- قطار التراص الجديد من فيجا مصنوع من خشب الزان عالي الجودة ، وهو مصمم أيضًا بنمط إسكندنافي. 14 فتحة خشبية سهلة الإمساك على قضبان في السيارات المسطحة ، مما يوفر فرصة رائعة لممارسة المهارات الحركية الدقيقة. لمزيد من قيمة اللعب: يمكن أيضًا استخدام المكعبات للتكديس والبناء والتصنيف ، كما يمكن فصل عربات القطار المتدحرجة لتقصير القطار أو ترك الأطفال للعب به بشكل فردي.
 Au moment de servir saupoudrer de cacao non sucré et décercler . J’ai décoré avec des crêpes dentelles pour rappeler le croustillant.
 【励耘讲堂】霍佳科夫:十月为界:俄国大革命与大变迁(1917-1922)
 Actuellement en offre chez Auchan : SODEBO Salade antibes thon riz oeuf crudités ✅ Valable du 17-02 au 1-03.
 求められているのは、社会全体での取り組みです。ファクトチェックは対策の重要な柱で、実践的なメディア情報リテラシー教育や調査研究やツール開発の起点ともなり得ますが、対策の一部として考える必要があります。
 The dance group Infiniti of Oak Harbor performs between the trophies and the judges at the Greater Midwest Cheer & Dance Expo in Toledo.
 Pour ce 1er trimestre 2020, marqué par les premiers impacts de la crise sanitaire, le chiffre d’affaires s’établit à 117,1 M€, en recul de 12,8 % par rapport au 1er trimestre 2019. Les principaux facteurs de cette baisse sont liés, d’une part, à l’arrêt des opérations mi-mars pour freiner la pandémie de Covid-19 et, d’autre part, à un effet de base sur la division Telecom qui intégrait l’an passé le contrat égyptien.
= = = = =
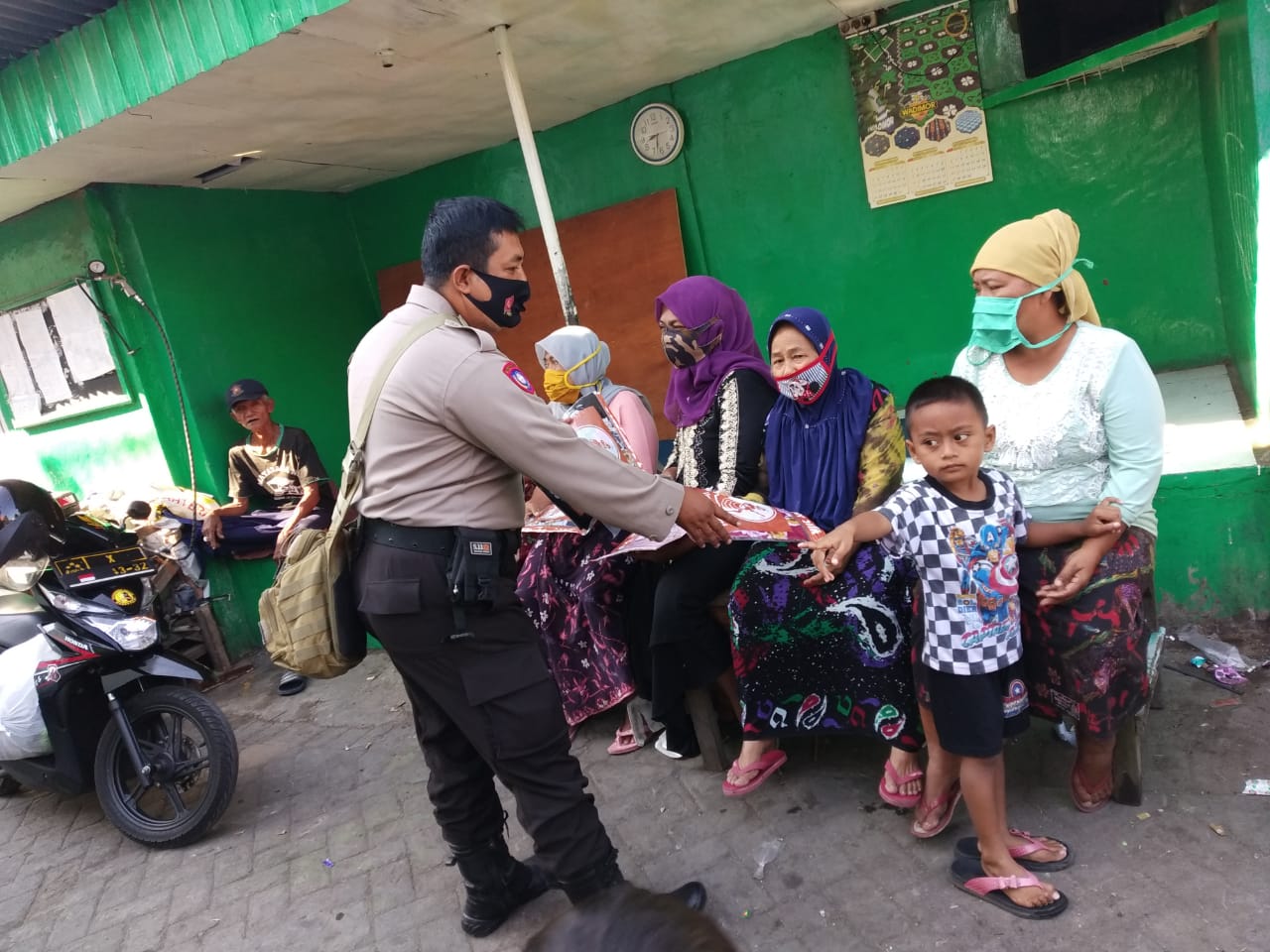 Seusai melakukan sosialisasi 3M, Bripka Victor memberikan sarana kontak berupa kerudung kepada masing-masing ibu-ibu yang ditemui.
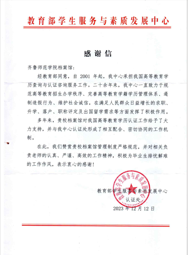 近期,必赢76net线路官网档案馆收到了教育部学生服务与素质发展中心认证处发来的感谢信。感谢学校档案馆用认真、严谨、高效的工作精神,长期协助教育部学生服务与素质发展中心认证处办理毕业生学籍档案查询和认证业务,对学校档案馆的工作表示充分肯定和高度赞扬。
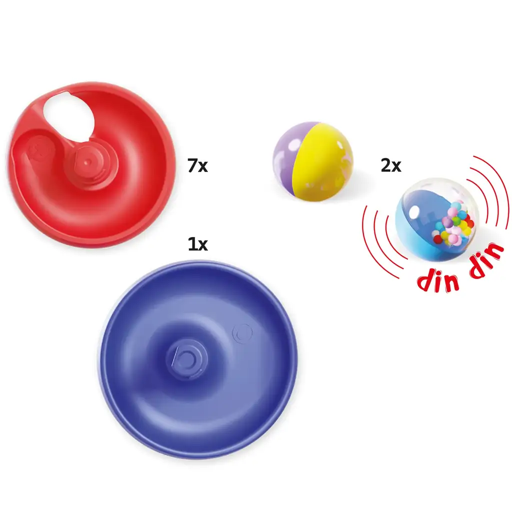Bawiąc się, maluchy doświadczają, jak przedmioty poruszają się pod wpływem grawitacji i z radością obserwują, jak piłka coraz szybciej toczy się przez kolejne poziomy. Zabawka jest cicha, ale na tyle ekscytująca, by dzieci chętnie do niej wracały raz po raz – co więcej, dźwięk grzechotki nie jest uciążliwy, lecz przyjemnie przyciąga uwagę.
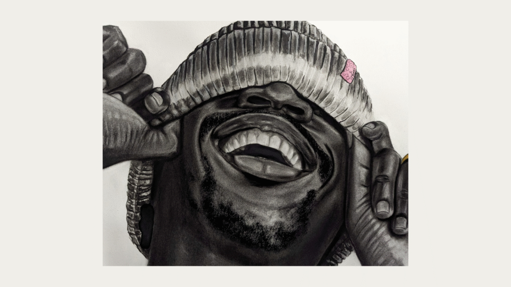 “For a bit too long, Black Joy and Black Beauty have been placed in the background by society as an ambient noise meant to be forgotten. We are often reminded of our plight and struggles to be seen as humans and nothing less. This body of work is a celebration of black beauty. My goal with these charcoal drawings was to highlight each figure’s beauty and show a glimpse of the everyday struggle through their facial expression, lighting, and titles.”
= = = = =
**Task item:** Could you reproduce, exactly, every line above from the line with "Actuellement en offre" to the line with "Pour ce 1er", and no other line? Both ends count.

**Response area:**
 Actuellement en offre chez Auchan : SODEBO Salade antibes thon riz oeuf crudités ✅ Valable du 17-02 au 1-03.
 求められているのは、社会全体での取り組みです。ファクトチェックは対策の重要な柱で、実践的なメディア情報リテラシー教育や調査研究やツール開発の起点ともなり得ますが、対策の一部として考える必要があります。
 The dance group Infiniti of Oak Harbor performs between the trophies and the judges at the Greater Midwest Cheer & Dance Expo in Toledo.
 Pour ce 1er trimestre 2020, marqué par les premiers impacts de la crise sanitaire, le chiffre d’affaires s’établit à 117,1 M€, en recul de 12,8 % par rapport au 1er trimestre 2019. Les principaux facteurs de cette baisse sont liés, d’une part, à l’arrêt des opérations mi-mars pour freiner la pandémie de Covid-19 et, d’autre part, à un effet de base sur la division Telecom qui intégrait l’an passé le contrat égyptien.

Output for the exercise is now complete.